Record excerpts
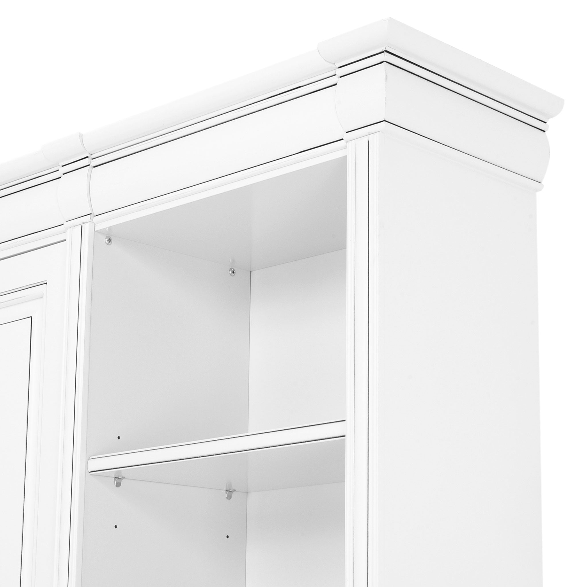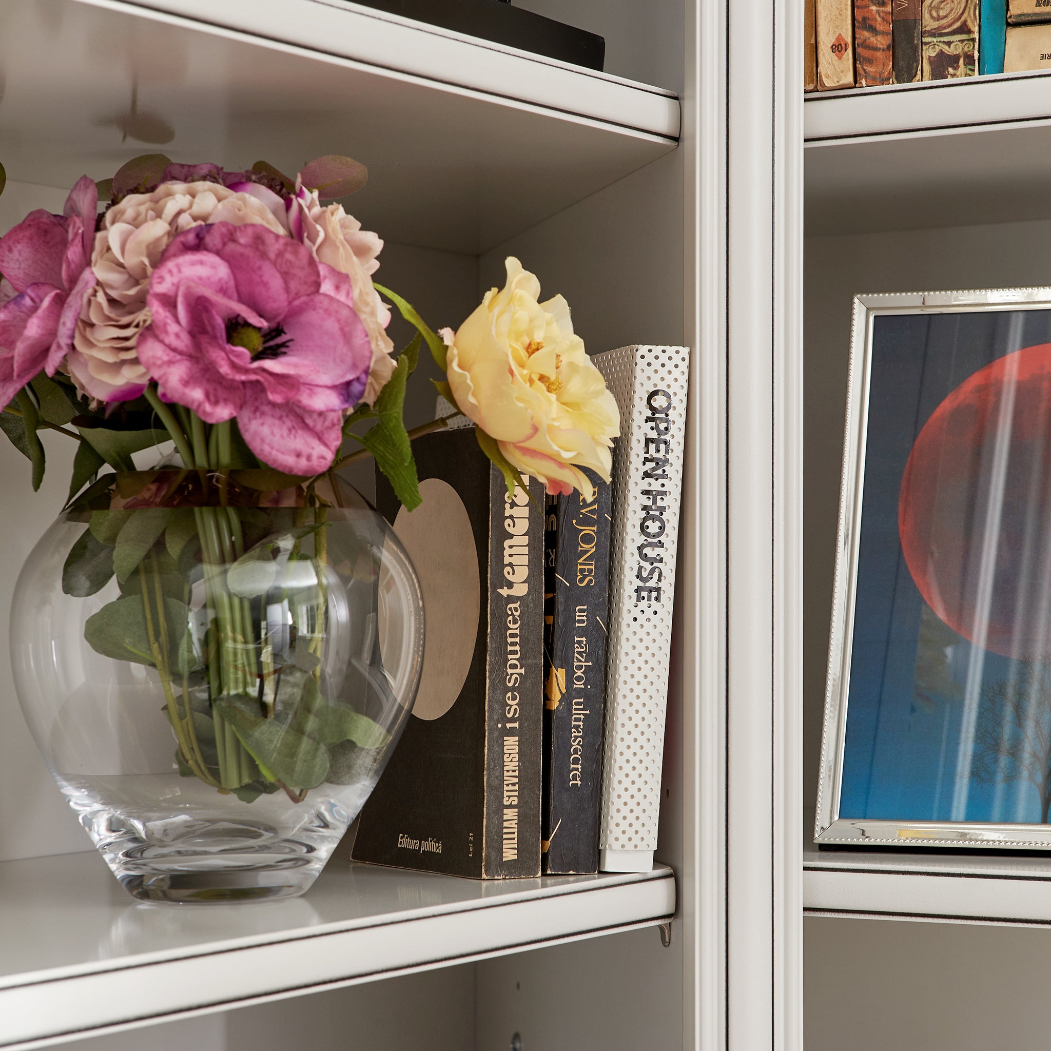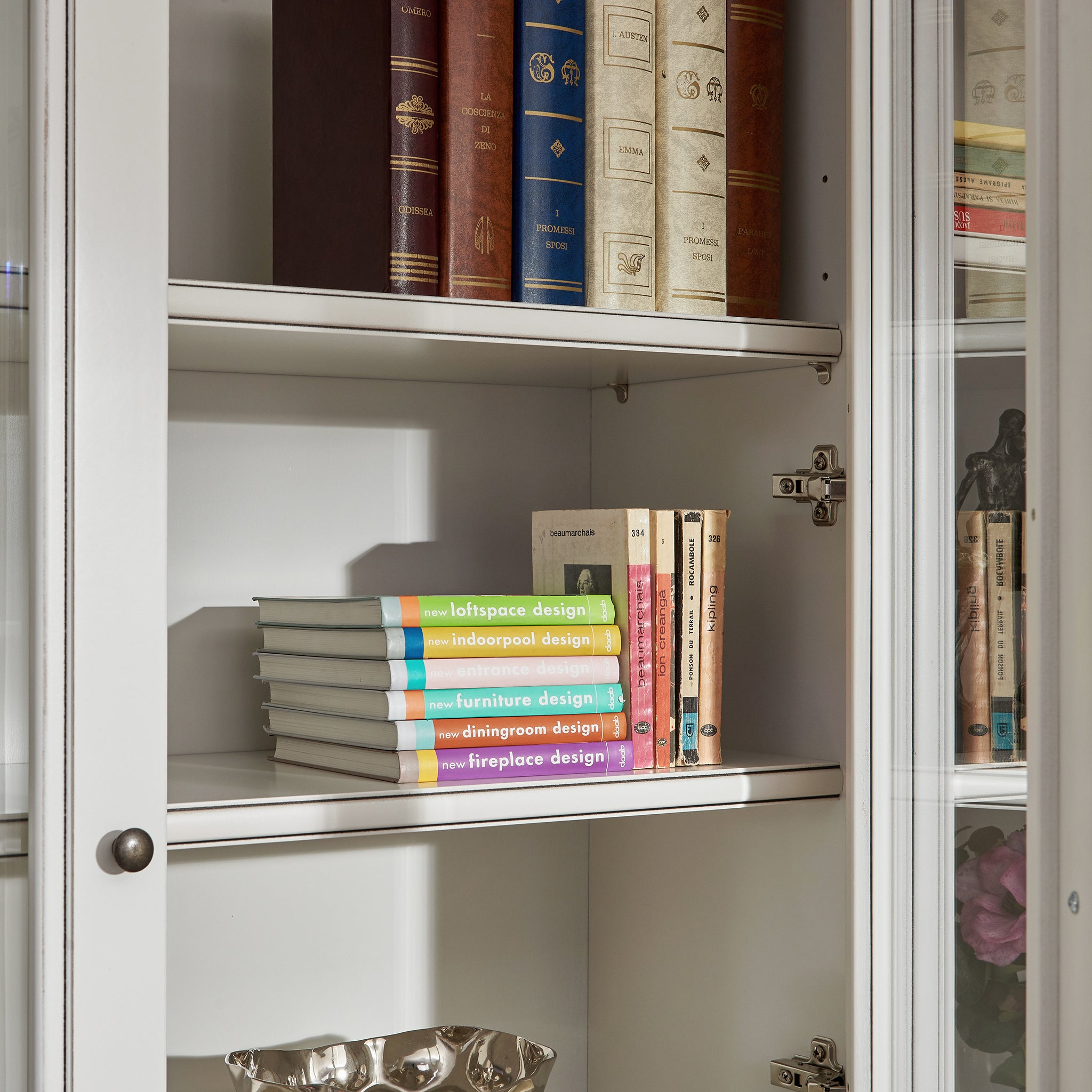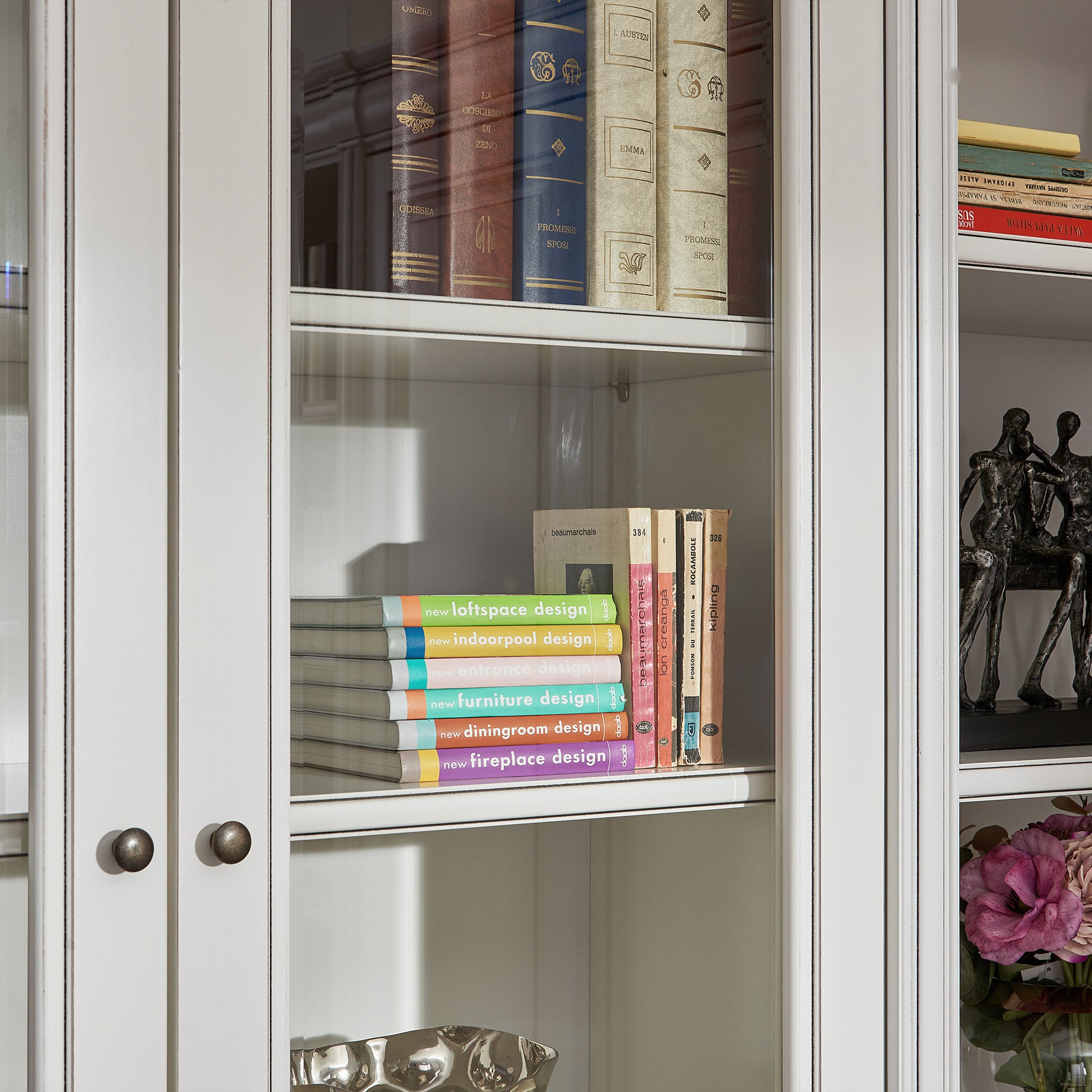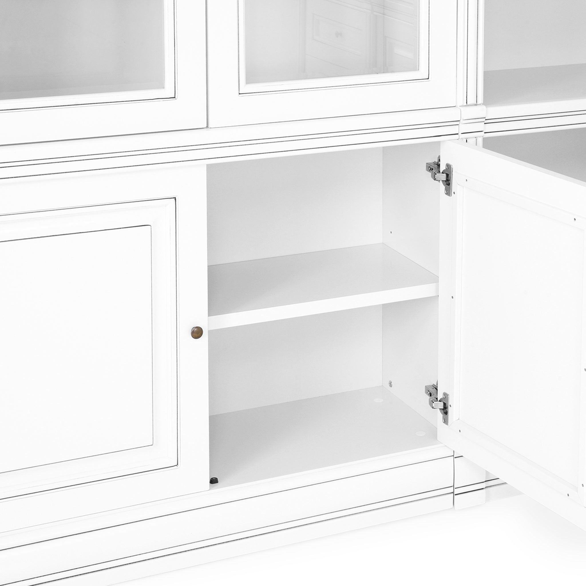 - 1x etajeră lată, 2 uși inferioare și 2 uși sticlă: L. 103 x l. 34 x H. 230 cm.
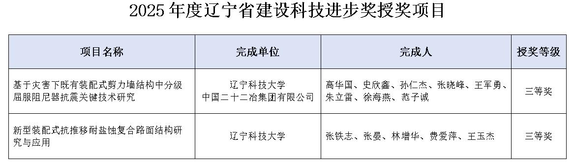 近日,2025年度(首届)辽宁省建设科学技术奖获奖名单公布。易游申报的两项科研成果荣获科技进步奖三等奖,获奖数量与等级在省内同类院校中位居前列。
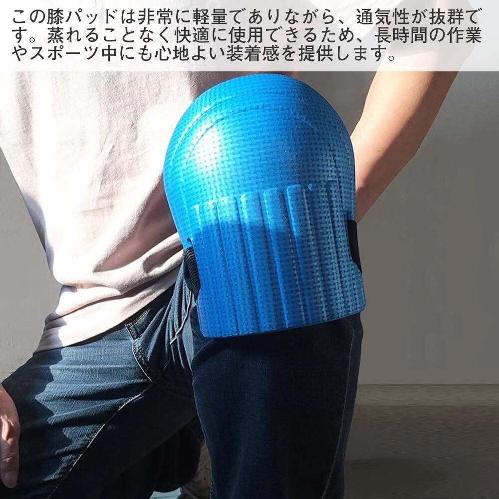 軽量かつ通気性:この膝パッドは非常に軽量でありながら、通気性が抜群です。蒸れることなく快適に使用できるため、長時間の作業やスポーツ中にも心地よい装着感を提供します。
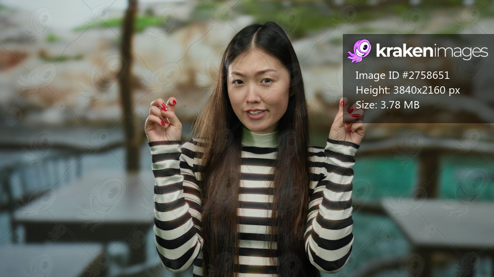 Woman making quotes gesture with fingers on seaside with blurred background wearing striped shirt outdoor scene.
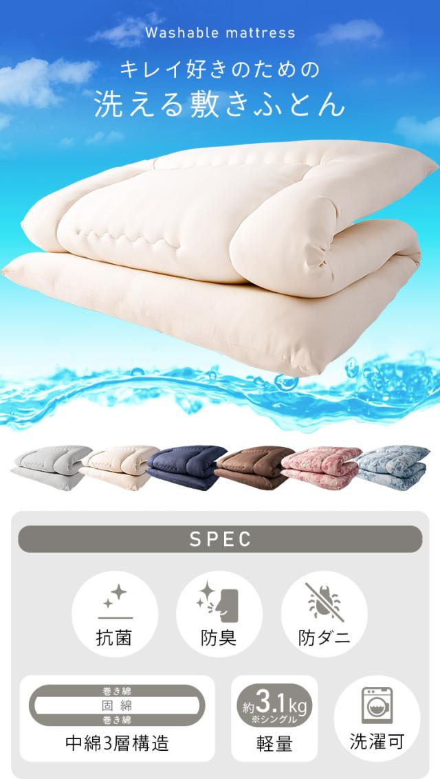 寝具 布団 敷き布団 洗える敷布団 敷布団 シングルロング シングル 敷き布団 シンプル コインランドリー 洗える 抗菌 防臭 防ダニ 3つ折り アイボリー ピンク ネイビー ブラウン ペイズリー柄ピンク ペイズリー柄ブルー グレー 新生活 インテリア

Problem statement
Look at the listing and set down only the lines from its start through the line with "Woman making quotes", word for word and without pictures.

Written response
 - 1x etajeră lată, 2 uși inferioare și 2 uși sticlă: L. 103 x l. 34 x H. 230 cm.
 近日,2025年度(首届)辽宁省建设科学技术奖获奖名单公布。易游申报的两项科研成果荣获科技进步奖三等奖,获奖数量与等级在省内同类院校中位居前列。
 軽量かつ通気性:この膝パッドは非常に軽量でありながら、通気性が抜群です。蒸れることなく快適に使用できるため、長時間の作業やスポーツ中にも心地よい装着感を提供します。
 Woman making quotes gesture with fingers on seaside with blurred background wearing striped shirt outdoor scene.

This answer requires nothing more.